Shale Oil’s Boom Faces Two Bottlenecks

The continually improving ability to extract oil cheaply from oil shale has made the United States a major oil producer—and has produced a major problem.

The problem is that, although shale oil production is increasing, with an expected additional 4 million bpd over the next five years—refining capacity, which can only absorb an additional 900,00 to 1 million bpd, is not. Worse, most of the refinery capacity in the U.S. is for heavy crude, while shale oil is classified as light, extra light crude, and condensate. But with demand for gas expected to decrease while oil shale production is predicted to peak in the mid-2020s, there likely isn’t enough of an incentive to increase capacity.

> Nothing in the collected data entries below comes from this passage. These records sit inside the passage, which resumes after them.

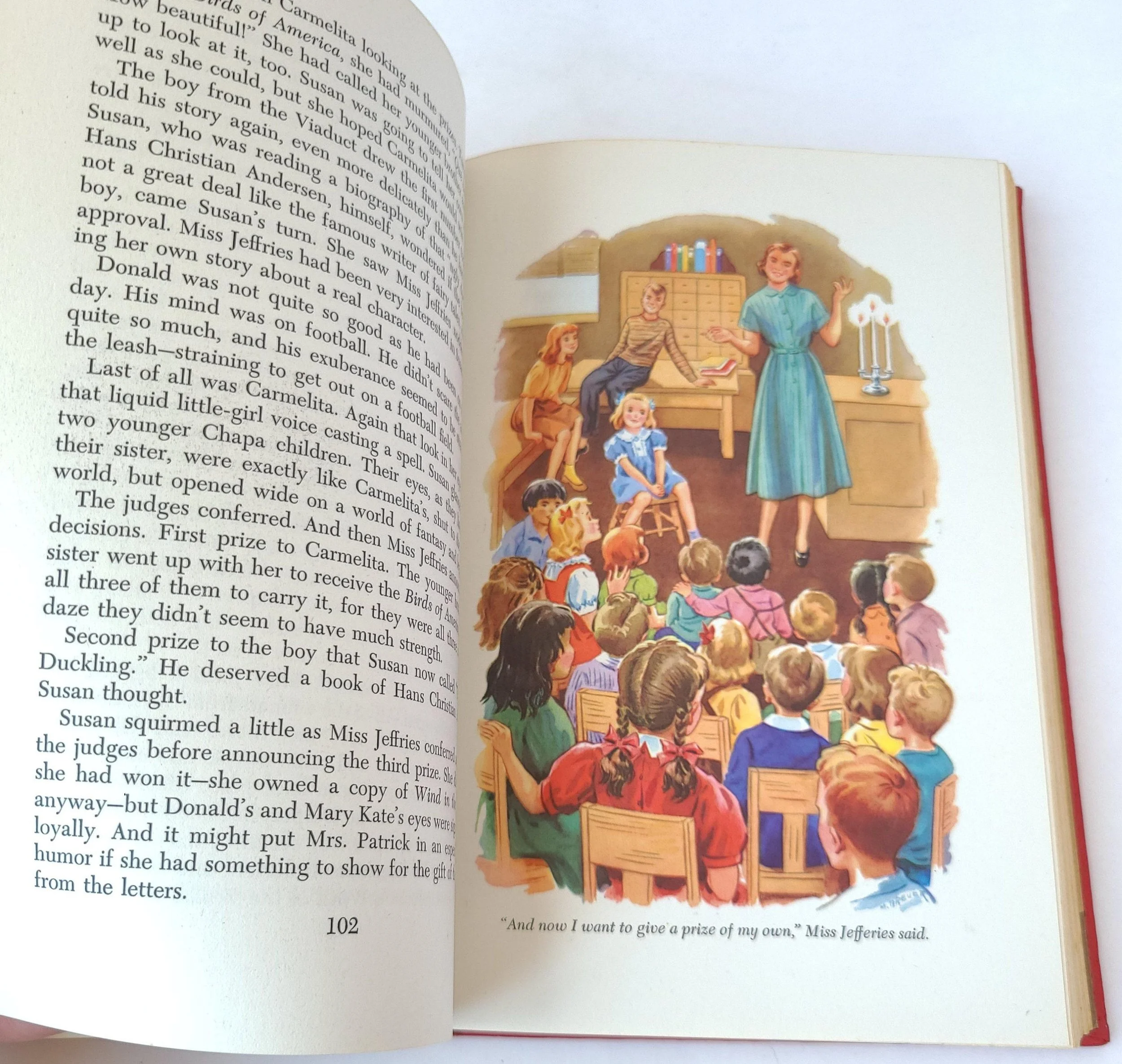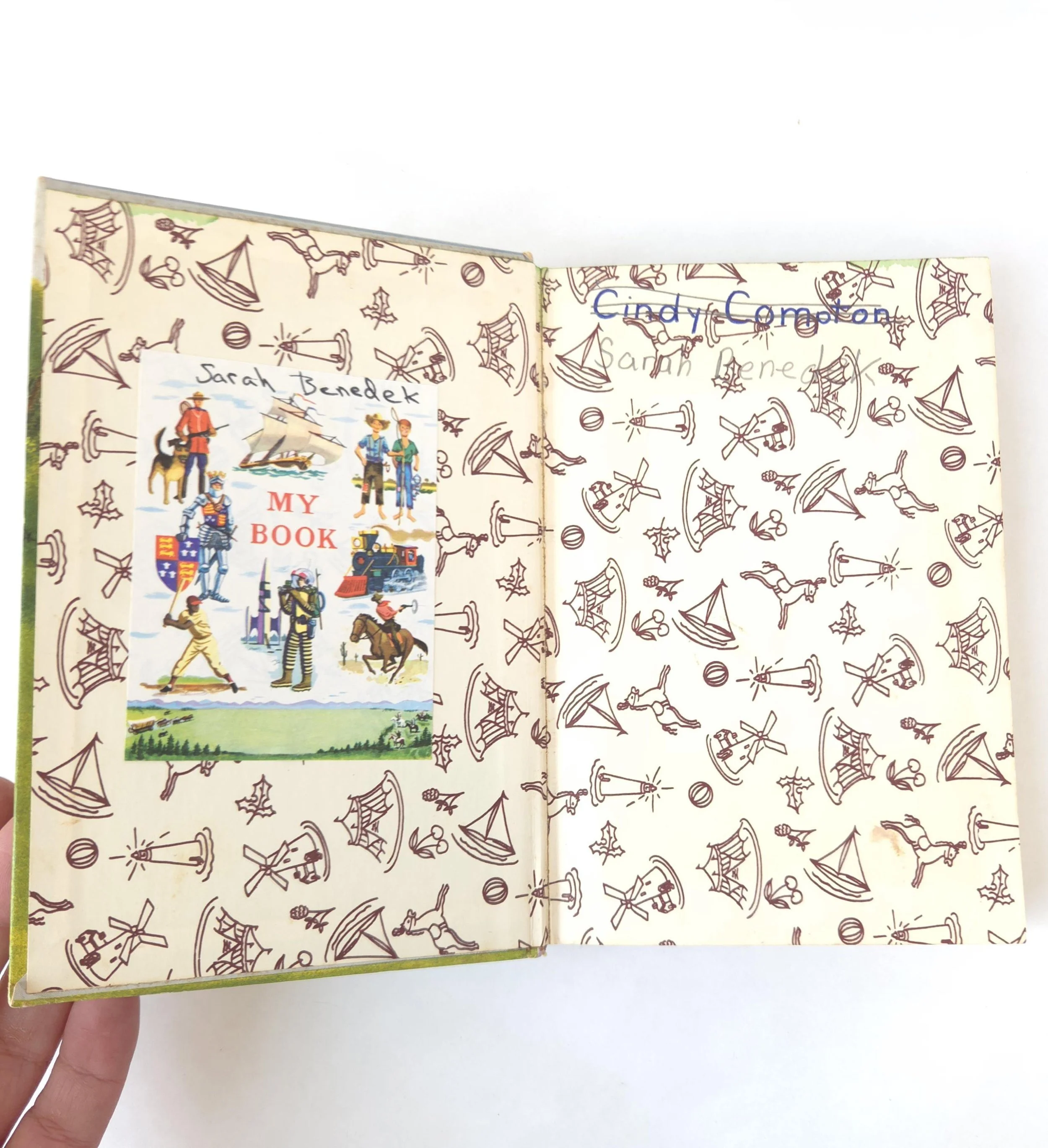 This charming vintage 1961 hardcover edition of The Bobbsey Twins of Lakeport by Laura Lee Hope is book one in this beloved children's novel series. This copy is in used vintage condition with some wear to the edges of the cover and the original owner's bookplate inside the front cover and written on the front end page. There are a few spots of discoloration to inner pages, but there are no torn or marked pages and good overall color quality.
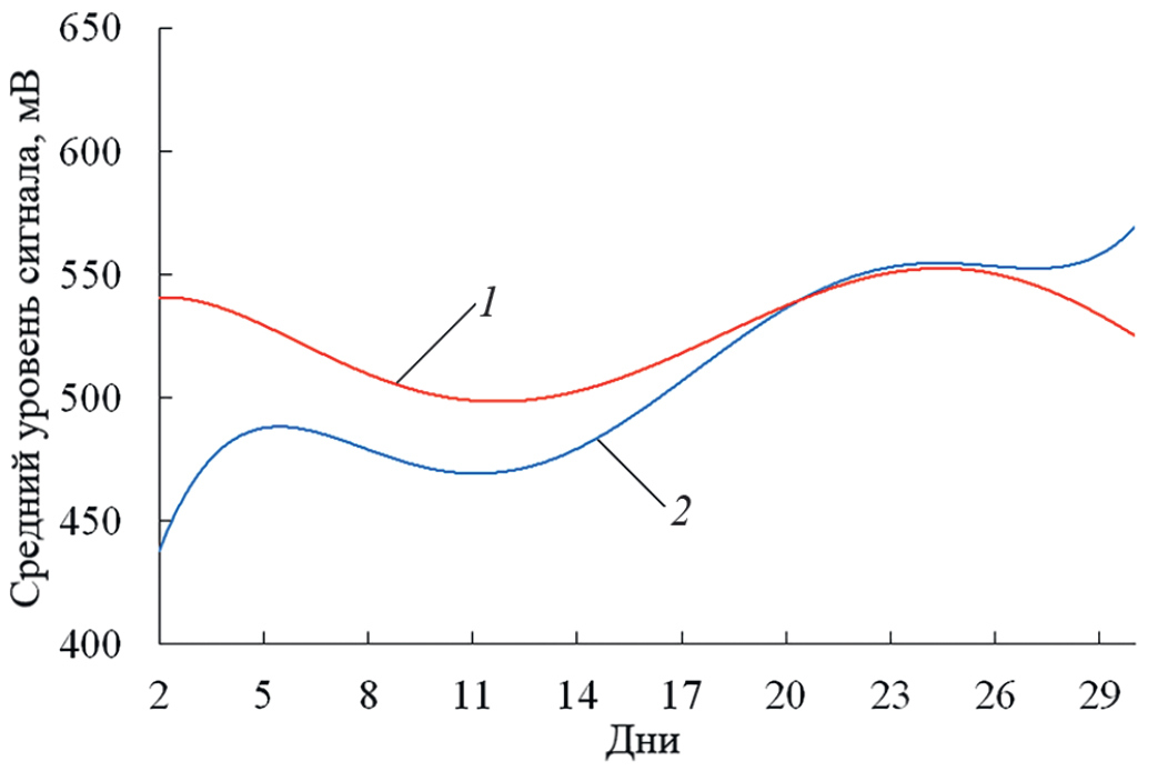 Рис. 8. Средний уровень принятых сигналов за весь период измерений: 1 – с горизонтальной поляризацией, 2 – с вертикальной поляризацией.
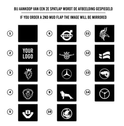 Maak je voertuig compleet met onze spatlappen! Kies tussen onze stugge spatlap (60x35cm) of flexibele spatlap (60x33cm) in zwart of wit. Gegarandeerd stevig en duurzaam, ook perfect voor walking-floor trailers en veetransport. Voeg je logo toe voor een persoonlijk tintje. Eigen productie betekent eindeloze mogelijkheden! Neem contact op voor meer informatie.
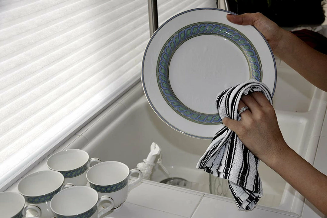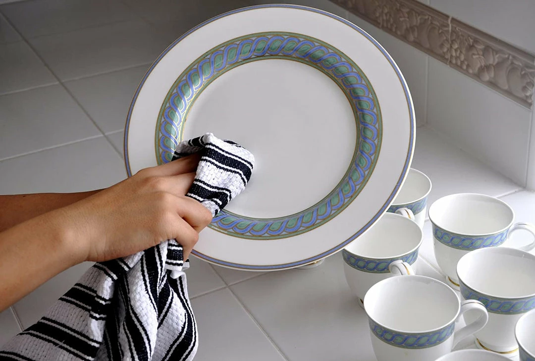Nouvelle Legende basketweave cotton towels hold dirt and debris while maintaining its high absorbency. Beautiful black and white basketweave design to complement any home or kitchen. Super soft and absorbent towels clean and dry any mess quickly and efficiently. Streak-free and scratch-free. Perfectly safe to use on your favorite silverware and glassware without leaving any damage, lint, or fuzz. Durable towels can be washed and reused hundreds of times without losing their efficacy. Use in the kitchen, bathroom, garage, workshop, and more.
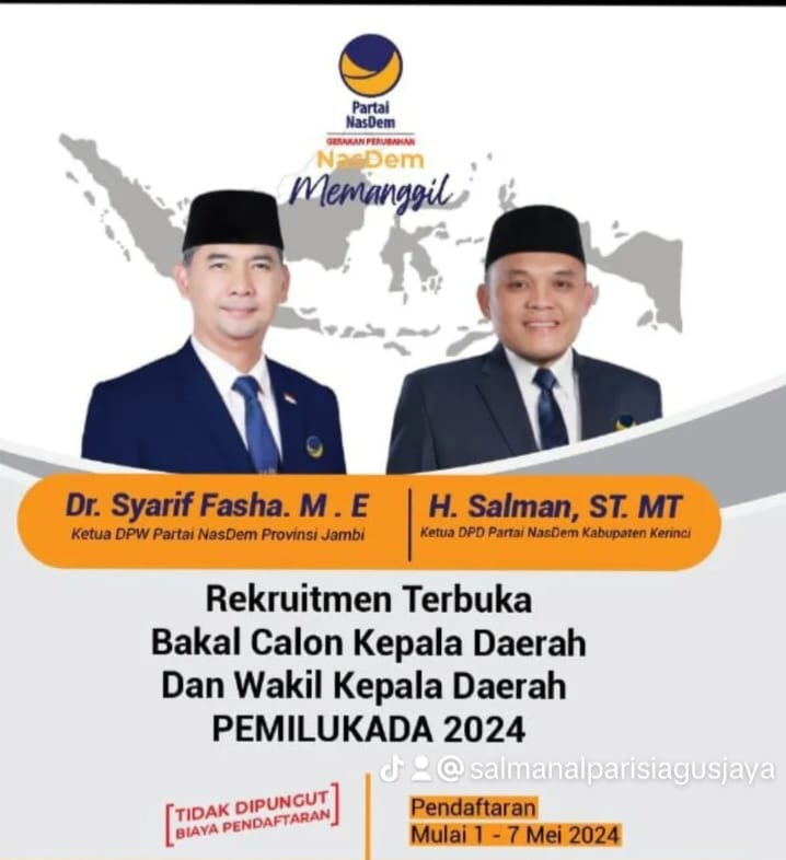 JAMBIUPDATE.CO, JAMBI- DPD Partai NasDem Kabupaten Kerinci membuka penjaringan Bakal Calon Kepala Daerah (Bacakada) untuk Pemilihan Kepala Daerah (Pilkada) 2024. Penjaringan ini dibuka selama satu Minggu, mulai dari tanggal 1 s/d 7 Mei mendatang.
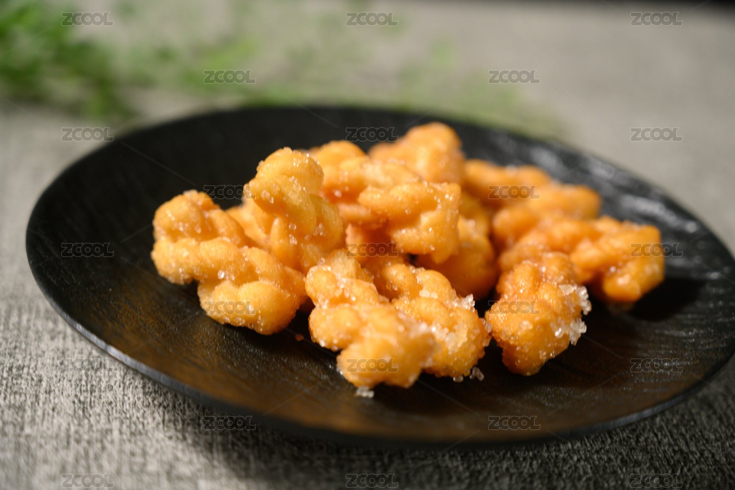 桌面上的盘子里的美味可口的小酥肉
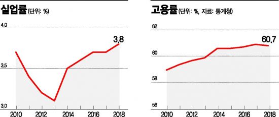 고용노동부에서 발표하는 실질임금상승률도 유사하다. 2018년 상승률은 3.7%로 2017년 1.3% 대비 2.4%포인트 올랐다. 그러나 고용부의 임금상승률 통계는 사업체의 현재 근무자들 임금만을 바탕으로 집계했다. 실업률이나 고용률은 전혀 반영되지 않다는 점에서 한은이 집계한 근로자 명목 임금상승률과 성격이 다르다.
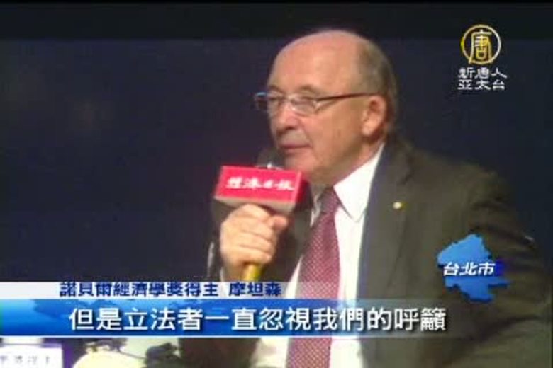 2010年諾貝爾經濟學獎得主、摩坦森受邀來台參加論壇,第一天談論的主題就是失業問題,他在發表說時坦言,現在貧富差距的問題越來越嚴重,過去因為政府不夠重視,才會發生群眾佔領華爾街的抗議活動。 //asset2.ntdtv.com.tw/public/uploads/video/2011/10/21/20111021-5084847.flv 諾貝爾經濟學獎|摩坦森|失業|佔領華爾街|貧富差距|台北2011-10-20 21:48:35

If American refineries cannot do the job, and there aren’t enough economic incentives for anyone to spend the tens of billions of dollars necessary to build the needed refineries, the oil will have to be shipped to Europe—and, after 2022, to Asia. As China and India continue to experience high economic growth, the demand for oil will continue to rise in Asia, even as usage per auto decreases with ever-improving hybrid and electric autos.

Another bottleneck that shale oil faces is in terminal capacity to ship oil out of the U.S. While most of the oil from the Permian shale patch—which produces about 50 percent of all the shale oil in the U.S.—will be shipped out of Corpus Christi, the Corpus port is currently unable to handle Very Large Crude Carriers. At the present time, only the Louisiana Offshore Oil Port, located eighteen miles off the coast of Louisiana, is capable of handling VLCCs.

As shale oil production levels continue to grow, one of these two challenges will have to be overcome. It seems most likely that the solution will be increased shipping capacity to places where rising demand makes refining that oil worth the investment.